Oh, really? How many color deficient or color blind people were included? :-)

coldtea a day ago | parent [-]

In what way is this relevant?

cluckindan a day ago | parent | next [-]

If you don’t have the cones for a specific frequency of light, how are the corresponding neurons going to light up in an fMRI?

coldtea a day ago | parent [-]

Yeah, I understand the limitation. But that is an irrelevant objection (is my point), since we already know that the color blind don't see the same colors - and know it at an objective level even (they can't discern them from totally different colors when asked for example).

The study is meant for people with typical vision. Might as well object that they didn't include the blind...

cluckindan 21 hours ago | parent [-]

Blind from birth, sure. A bit off topic, but a person who has experienced colors normally and later become blind could still imagine seeing the colors, and that would likely produce the same activation pattern, at least in some parts of the brain.

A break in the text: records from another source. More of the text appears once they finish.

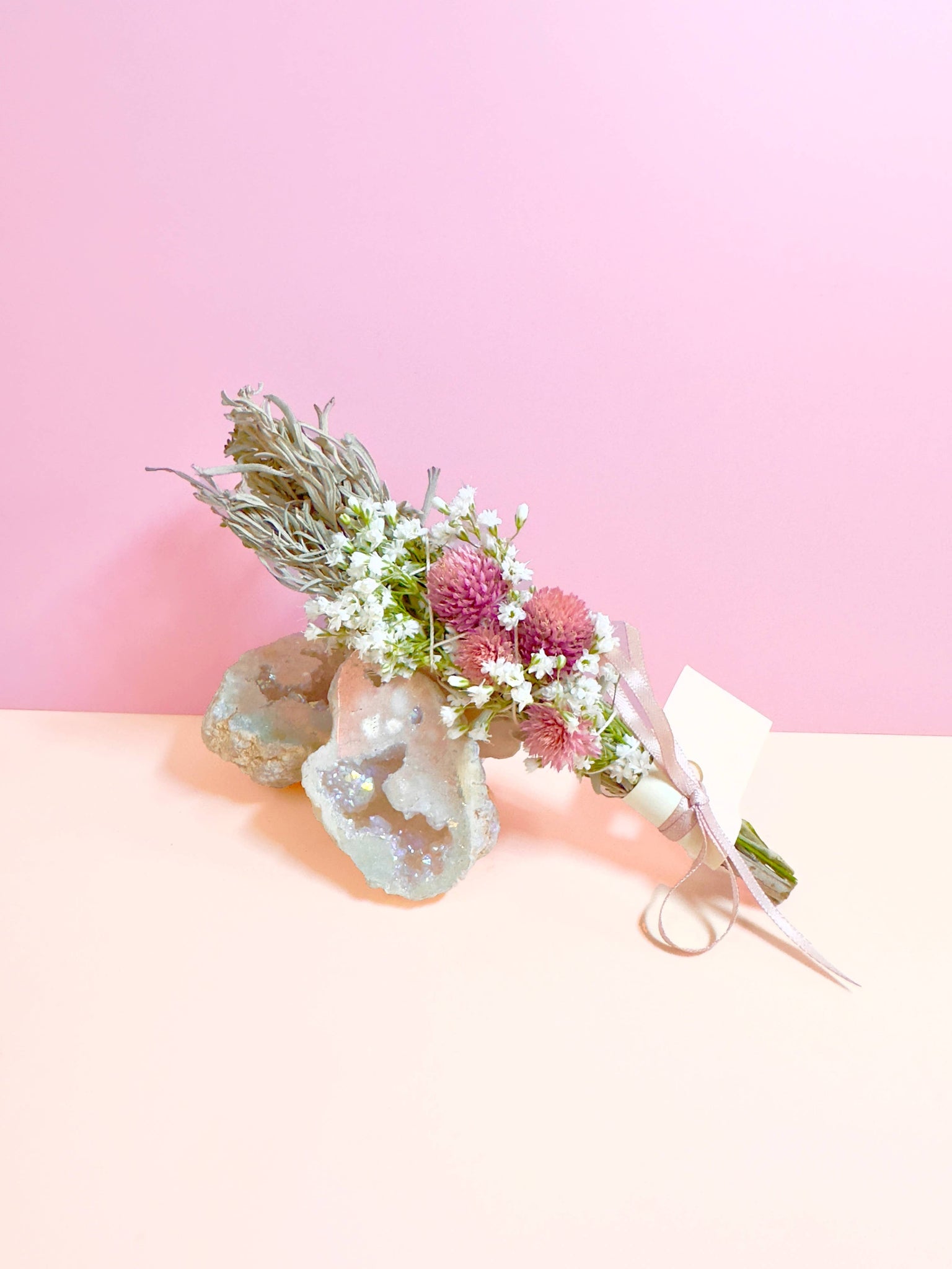 Sustainably sourced & Hand-tied in SWFL. A nice thin bundle easy to gift and use. Perfect MINI bundles for cleansing rituals! Great for gifting & to cleanse any tired spaces! These are also a favorite to create custom kits & gifting boxes! D E T A I L S : -Blue Sage -Babies Breath -Dried Gomphrena Blooms ( Colors vary between pinks, lavender and purple) -Cotton String -Tag with floral info- Approximately 4" in length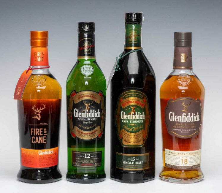 WINE, WHISKY & SPIRITS CLUB HOUSE: FOUR BOTTLES OF GLENFIDDICH MALT WHISKY, comprising 15yo Cask Strength, 51%, 1 litre; 18yo Small Batch Reserve, 40%, 70cl; Fire & Cane (Smoky Whisky finished in sweet Rum casks), 43%, 70cl; 12yo Special Reserve, 40%, 70cl (4)Provenance: private collection Rhondda Cynon TafComments: all in excellent condition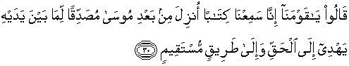 30. Mereka berkata: "Hai kaum kami, sesungguhnya kami telah mendengarkan kitab (Al Quran) yang telah diturunkan sesudah Musa yang membenarkan kitab-kitab yang sebelumnya lagi memimpin kepada kebenaran dan kepada jalan yang lurus.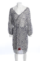 Figure Blue Silk Mini Dress. Blue. Long Sleeve. V-Neck. Pull on. 100% Silk. Small (UK 8, US 4, FR 36, IT 40). Bust: 40 in. Waist: 42 in. Hips: 46 in. Length: 41 in.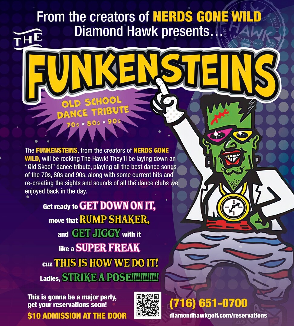 The FUNKENSTEINS, from the creators of NERDS GONE WILD, will be rocking The Hawk! They’ll be laying down an “Old Skool” dance tribute, playing all the best dance songs of the 70s 80s and 90s, along with some current hits and re-creating the sights and sounds of all the dance clubs we enjoyed back in the day.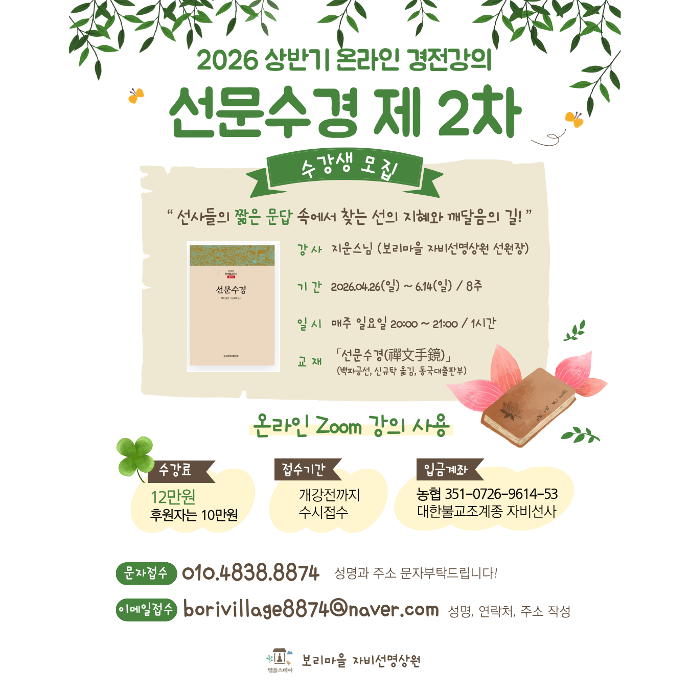 2026 상반기 온라인 경전강의 선문수경 제 2차 수강생 모집 안내
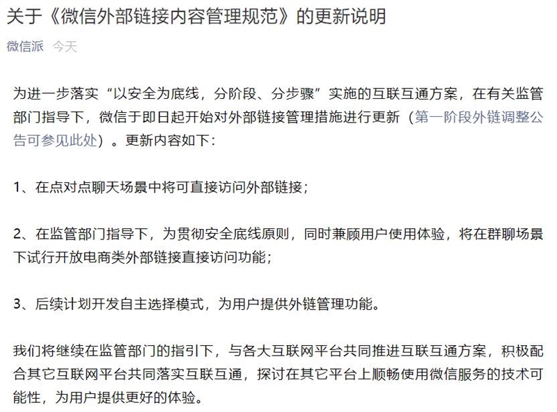 11月29日,微信发布《关于〈微信外部链接内容管理规范〉的更新声明》,公布在监管部门指导下进一步的互联互通方案,点对点聊天场景中将可直接访问外部链接,并将在群聊场景试行开放电商类外部链接直接访问功能。据悉,该功能将陆续生效。

Then there’s the fact that some people are unable to distinguish between blue and green colors, because their language uses the same word for both. They simply cannot perceive the colors being different. How would they compare?

dragonmost a day ago | parent | prev [-]

Is my blue your blue? Yes but only if we see the same blue.

coldtea a day ago | parent [-]

That's what the study addresses (even if inconclusively).

The question is how "but they didn't include color blind people" has any relevance to the subject.

For color blind people we already know that they don't see the same colors, so the answer for them is trivial. They can't even decode the same input, so nobody expects them to have the same color qualia as someone who does.

The purpose of the study is to examine the color of people with same typical vision capabilities. So regarding the objection, it's like some team doing a pitch perception study and someone asks why the deaf weren't included!